Monday, February 18, 2008

An Open Letter to Bill Bennett

Dear Bill,

I think it would be better if you stayed away from a defense of McCain. It is neither helping him or buttressing your own conservative credentials. Your normally reasoned and honest approach to the wide variety of subjects you take on daily falls by the wayside when you get on the subject of John McCain.

First, what's with the name-calling? Your past comments about conservatives being purists ("Trotskyites" is the way you put it I believe) is sophistry. We supported Thompson and he is far from pure. He would have been Voltaire's "good" vs. the "best". The "McCain's not perfect" line or "there will never be another Reagan" excuse that you and other McCain apologists trot out is condescending and shallow. Given that this argument can be used just as easily about Obama, it really carries no argumentative weight does it?

This morning you called those of us who vehemently disagree with McCain on a host of issues "snippy". Two weeks ago you called people in the south who refused to vote for the liberal John McCain, "stupid". Last week you termed the critiques of McCain by your fellow conservative talkers as "noise". This is a tactic of the left in this country and is almost always an indicator of a weak argument on the part of the person hurling the insults.

Next, what's with the overstatements about McCain's conservative stands? On today's show you said that there are many things with which you disagree with McCain but also there are many things that he is good on. "Many"? May I suggest that this is a HUGE exaggeration. He is certainly bad on many things but even the few things he is ostensibly "good on" are really half-hearted and inconsistent.

It would be more accurate to say this on the air:

"Yes, I will acknowledge that McCain loves to sponsor liberal legislation and eschews sponsoring conservative legislation, but he does at least support the war in Iraq. Of course he is one of the weakest Senators regarding border security and yes he does want to close Gitmo and bring enemy combatants into the US court system thereby making it impossible to prosecute their crimes (given that doing so would reveal our intelligence methods), and of course, he is against giving intelligence officers the ability to use non-injurious interrogation techniques like water-boarding against known terrorist leaders but hey, at least he was for the surge (along with most of the rest of the Senate)."
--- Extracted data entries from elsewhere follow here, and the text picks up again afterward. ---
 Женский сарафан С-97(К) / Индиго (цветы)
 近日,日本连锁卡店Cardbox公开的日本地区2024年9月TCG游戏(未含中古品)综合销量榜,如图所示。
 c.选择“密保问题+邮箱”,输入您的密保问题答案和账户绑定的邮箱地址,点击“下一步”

Then you could tell your audience, "Fortunately, he is very good on fiscal issues... well except for the aforementioned amnesty legislation which is devastating to local economies, education systems, hospitals and the like and yes, he wants to codify the anthropogenic global warming hoax by levying heavy gas taxes on Americans through the fiscally irresponsible "cap and trade" scheme, thereby crippling the economy (which he admits is not something he knows a lot about), but at least he is pro-life (except for his desire not to overturn Roe v. Wade and his vote for stem cell research). But other than these few things he is great."
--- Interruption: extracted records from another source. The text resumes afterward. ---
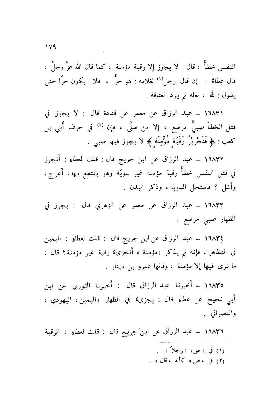 ١٦٨٣٦ - عَنِ ابْنِ جُرَيْجٍ قَالَ: قُلْتُ لِعَطَاءٍ: الرَّقَبَةُ الْمُؤْمِنَةُ أَيَجُوزُ فِيهَا صَبِيٌّ؟ قَالَ: «نَعَمْ» قُلْتُ: فَكَيْفَ وَلَمْ يُصَلِّ وَلَمْ أَدْرِ مُسْلِمٌ هُوَ أَمْ لَا؟ فَقَالَ: ذَلِكَ فَرَاجَعْتُهُ بَعْدَ أَيَّامٍ فِيهِ فَقَالَ: «مَا أُرَاهُ إِلَّا مُسْلِمًا» قَالَ: وَقَالَ: عَمْرُو بْنُ دِينَارٍ: مَا أُرَاهُ إِلَّا الَّذِي قَدْ بَلَغَ وَأَسْلَمَ، قُلْتُ لِعَطَاءٍ: وَإِنَّ الَّذِي بَلَغَ دِينُهُ دِينُ مُسْلِمٍ؟ قَالَ: «أَجَلْ وَيُصَلَّى عَلَيْهِ»، قُلْتُ لِعَطَاءٍ: فَسُبِي أَعْجَمًا لَمْ يَبْلُغِ الْحَنَثَ قَالَ: «مَنْ وُلِدَ هَاهُنَا أَحَبُّ إِلَيْهِ وَلَعَلَّهُ أَنْ يَقْضِيَ»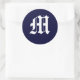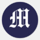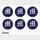 Adesivo Redondo Monograma azul e branco marinho "M"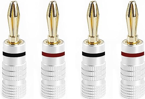 AMIUKON 24K金メッキのバナナプラグは、高品質のアルミメタルシェルを採用。スピーカーケーブルコネクターとして、12AWGから18AWGゲージに対応。4mmサイズで4本セット。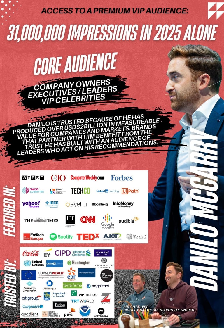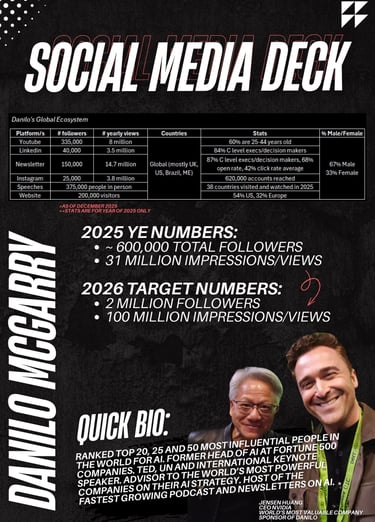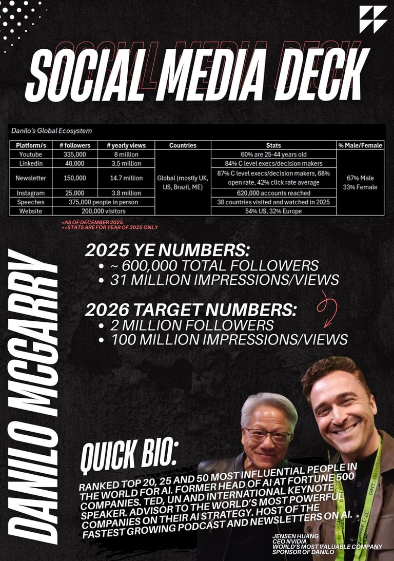I speak to an audience that brands rarely reach at scale: business owners, CEOs, C level executives, and decision makers who control real budgets. My ecosystem spans LinkedIn, YouTube, Instagram, my newsletter, and my global keynote stages. My audience trusts me because I built my credibility through decades delivering real AI transformation in the world’s largest companies, not theory.
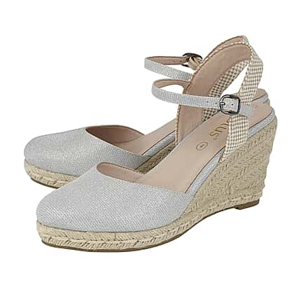 Lotus Silver Shimmer Textile Maira Wedge Shoes (Size 4)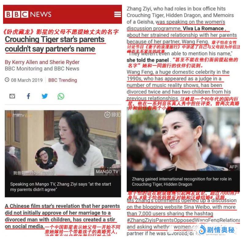 BBC用的标题是:《卧虎藏龙》影星的父母不愿提她丈夫的名字。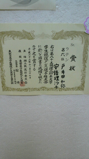 学生でレッスンに来ている首都大学東京2年生の戸井田&りさこが理工戦で総合6位に入賞したそうです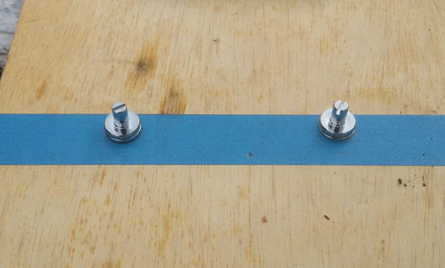So, I decided to build a stable platform for the drill guide that I could put over the body. I took an old shelf I had lying around, but any flat piece of wood will do. I cut a couple of pieces of 2" thick scrap lumber so that they were perfectly flat on both the top an bottom, and about 3.5" tall. This formed a stable base. I screwed the drill guide down to the platform to maximize stability. I wanted the drill close to one edge of the piece of shelving, so I used a hole saw to drill a 3" hole for the drill bit to go through. you could do this with a jig saw, or drill a smaller hole, but the big hole, and being close to the edge of the shelf, gives a better view of what you are drilling into.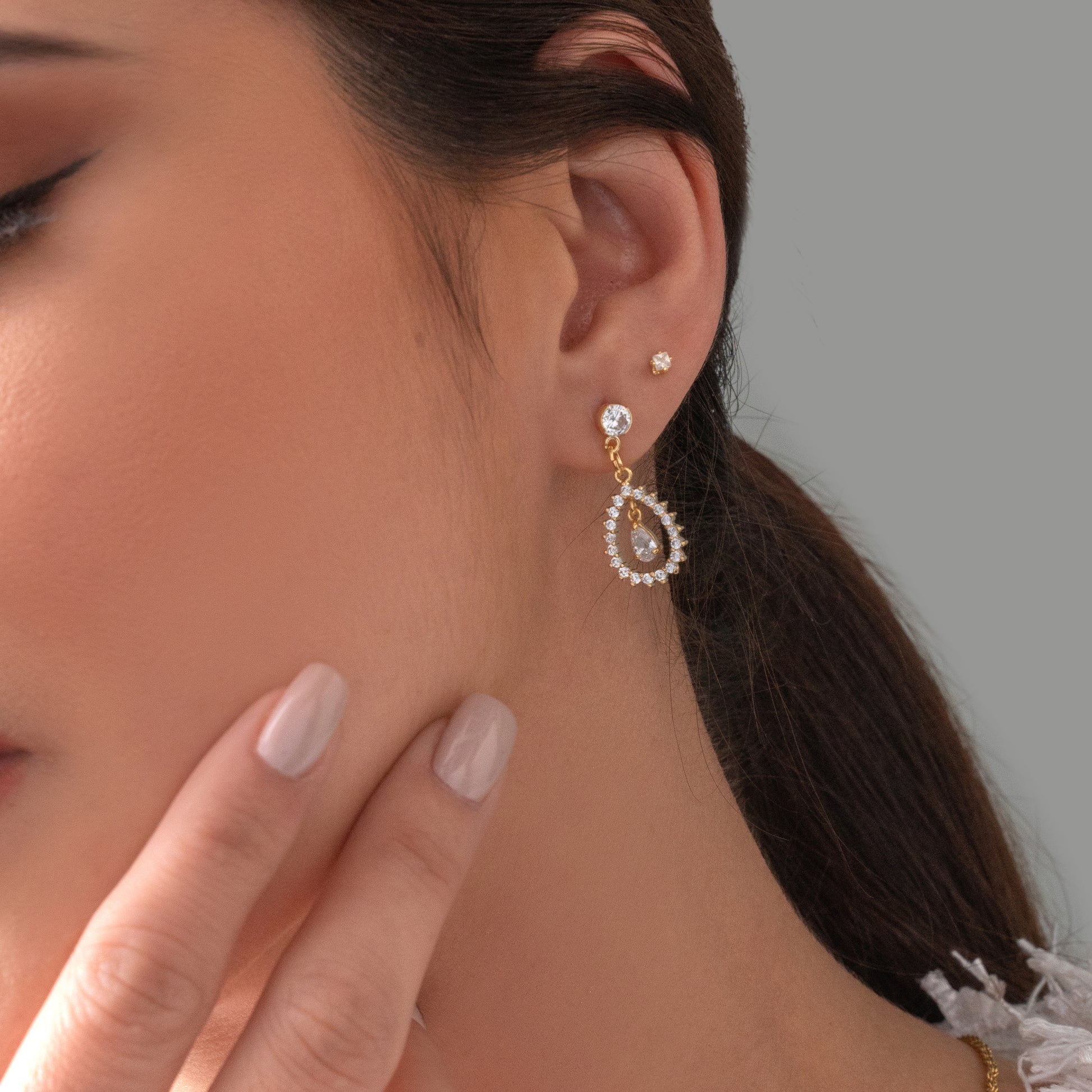 Las prendas y accesorios en Oro Laminado 18k son Semi Joyas, puedes tener y lucir piezas con el color y la textura del oro 18k a un precio más asequible. Nuestros Aretes Circonia redonda cristal 2mm están elaborados sobre una aleación de cobre y paladio y sus 3 capas externas son láminas de oro 18k.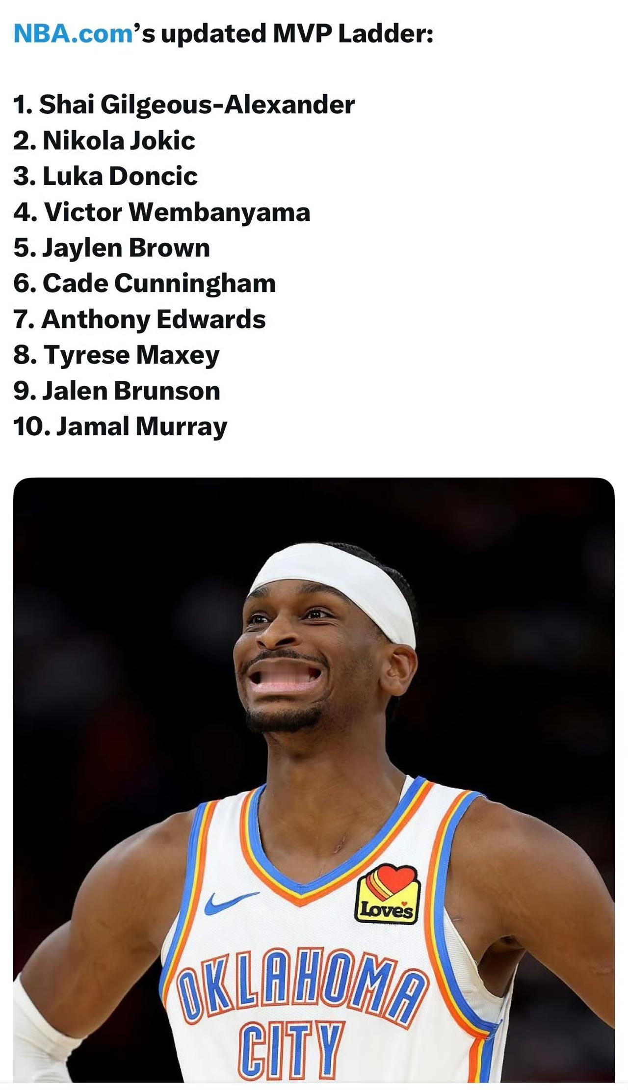 官网更新MVP榜,亚历山大超越约基奇来到第一位,东契奇回到第三,穆雷杀入前十。 1. 谢伊·吉尔杰斯-亚历山大(雷霆) 2. 尼古拉·约基奇(掘金) 3. 卢卡·东契奇(湖人) 4. 维克托·文班亚马(马刺) 5. 杰伦·布朗(凯尔特人) 6. 凯德·坎宁安(活塞) 7. 安东尼·爱德华兹(森林狼) 8. 泰雷斯·马克西(76人) 9. 杰伦·布伦森(尼克斯) 10. 贾马尔·穆雷(掘金)

If you would come on the radio and say those two paragraphs then conservatives might take your defense of McCain more seriously. But mendacity does not become you Bill. In a column on your web site defending McCain you dishonestly assert, "McCain has an ACU (American Conservative Union) rating of 82.3; Clinton has a rating of 9."

This is is a false comparison. Hillary has only been in the Senate for a short period of time and coincidently, during a period when McCain was much more liberal than his mediocre 82.3 lifetime rating. Why not compare their current ratings? Yes, Hillary is currently rated with an 8 while McCain has a 65 (and this was before his most egregious votes and liberal legislative work during 2007) but 65 still puts him on the far left of the Republican party with only 4 Republican senators farther to his left. Furthermore, the ACU rating is for votes cast.
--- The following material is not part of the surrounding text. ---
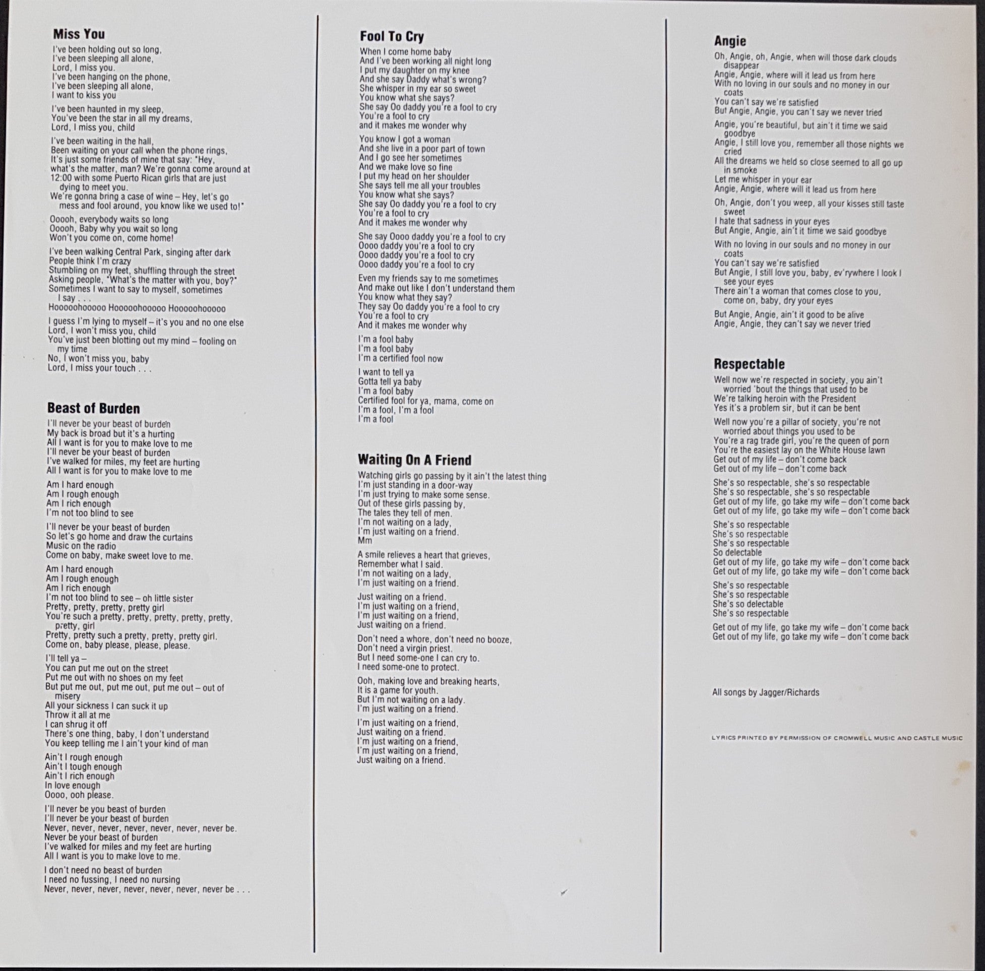 w.Insert. 1984 Rolling Stones Records / EMI PLAY-260106. MAXICUT. Minor Creases on Cover

If we look at each vote as a test of sorts, then a no-show should count as a zero. The ACU doesn't do this however which puts their entire methodology in question. Using their system, McCain could show up for one vote out of the two hundred that he should have showed up for, vote the conservative way, and get a 100% rating from the ACU. If a student only shows up to take tests on subjects he is good at, I seriously doubt that the student would pass the course. In reality, McCain does very poorly if we count votes he has skipped (because they would show him to be a liberal if he did vote on them). Giving him a zero for skipped votes gives him a rating more in the 30s and puts him to the left of several Democrat senators and leaves only 2 Republicans to his left.

It would be better to acknowledge McCain's liberalism and simply point out that he is just not as liberal as Hillary or Obama and leave it at that. Acknowledge that even on national security, pro-life, and economic issues, he is lackluster but still better than Obama and Hillary. The remaining challenge for McCain is that, of the two nominees, McCain is the less principled. Obama is openly Marxist. McCain is secretly a socialist. The voters want honesty in their presidents and given that McCain has serious ethical challenges, tends to flip-flop on issues, claims to be a Reagan Republican (from his perch on the left side of the party), and is a political opportunist, I don't see how he beats Obama even if you convinced every conservative to vote for him (and few will).

So our choice is between an unprincipled, self-aggrandizing, ill-tempered, old, liberal or a young, African-American, principled Leninist.

Spinning this election any other way just lowers your otherwise excellent credibility Bill. So please stop calling us names and recognize that McCain has few strong points, just less terrible ones than the opposition.